Avoid the use of size as this term is ambiguous; it could refer to the height of a person, the screen width \(\times\) times height dimensions, or a level within a likert scale (e.g., “Medium”).
“Note that”count” is different from “sum” (e.g., one can sum negative float values while count involves positive integers only) and from “index” (e.g., “this is the second” versus “there are two”).
Avoid the use of n to refer to counts. While using n to refer to counts is much shorter and might be standard in some circles, count is more explicit and less error-prone than n which may mean different things in other contexts (e.g., the length of the variable, an iterator).”
It can be tempting to use synonyms of “type”, in particular when “type” is already used for something else. Such synonyms include things like “category”, “kind” or “set”. When those terms are not required, they should be avoided and replaced by “type”.
Aggregation Suffixes
Don’t use avg or average to refer to the mean value.
Don’t use med to refer to the median.
Don’t use std or SD to refer to the standard deviation.
Don’t use IQR to refer to the interquartile range.
Don’t use total to designate the result of a sum operation.

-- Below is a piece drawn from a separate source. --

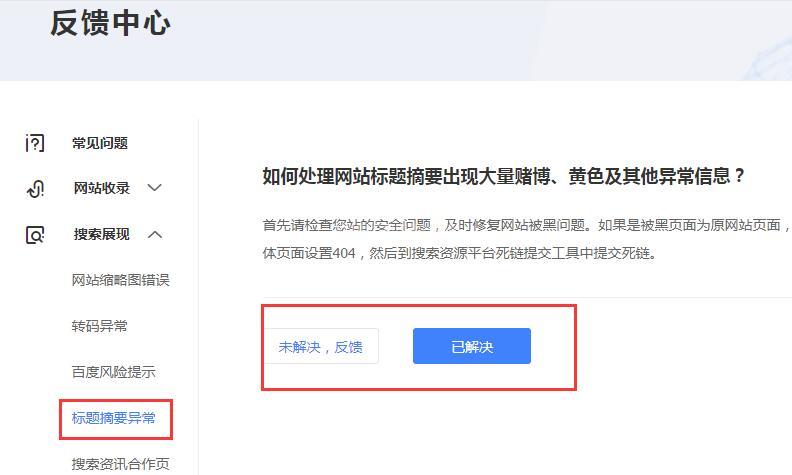 打開“百度站長平臺”的“百度搜索資源中心”,然后依次打開反饋中心-搜索展現-標題摘要異常,進行反饋,具體方法步驟可以參照以下截圖。

Use quantiles rather than percentiles because they allow naming the resulting variables in a simpler way. BDM uses the following convention to name the parameter X: - quantile(x, q = 0.23) -> quantile23 - quantile(x, q = 0.145) -> quantile145
Note that quantile(x, q = 1) can not be expressed using this convention. However, quantile(x, q = 1) is in fact equivalent to max(x) which is the preferred expression.
Variables can be sorted (for example from the smallest to the largest values) and some values can be tied (in which case the rank may no longer be represented by integers). Also, it might not be clear if the ranks are descending or ascending (e.g., age_rank). If such confusion arises, it is prefered to use a more explicit name (e.g., youngest_to_oldest or youngest_first_rank).
Transformation Suffixes
Always specify the base when using the log except for the natural log.
Referencing
Note that “id” typically implies a context, within which the “id’ is unique. That context must be made explicit. For example, trial_id may identify trials within a trial table for one activity completed by one subject.
If there is a column named id (i.e., without prefix), it is expected to be a primary key and there exists other tables or files that refer to this column; if such a link between tables does not exist, use index or name instead.
The postfix _id does not imply a particular data type: both integers and strings are valid.
*_uuids are expected to be globally unique.
*_uuids are not expected to be human interpretable.
Avoid using _uid suffix to refer to a UUID variable.
Within BDM, string-formatted Version 7 UUIDs are preferred over older versions or corresponding 128-bit integers. For example: 01934efd-35d5-79db-9aca-fc29b0451cd1.
There is no single widespread standard for hashing; rather there are multiple algorithms that can be used depending on the use case. You can use either CRC32 (32 hexadecimal characters; e.g., “098f6bcd4621d373cade4e832627b4f6”) or SHA256 (base64 characters, e.g., “d14a028c2a3a2bc9476102bb288234c415a2b01f828ea62ac5b3e42f”) depending on the probability of collision (i.e., two hashes for different data being identical). When that collision probability is deemed high, use SHA256.
Note that “index” typically implies a context, within which the indexing occurs and that context must be made explicit. For example, trial_index may index trials within a block.
BDM follows the convention of 1-based indexing: always starting counting/indexing from 1 rather than 0.
Avoid the use of *_number because it is ambiguous.
As with index and id, repetition assumes a context which must be clarified when ambiguous.
Repetition is 0-based: it starts “counting” at 0 rather than 1; *_iteration instead of *_repetition would make it 1-based like indices, but it is less explicit and thus less preferred.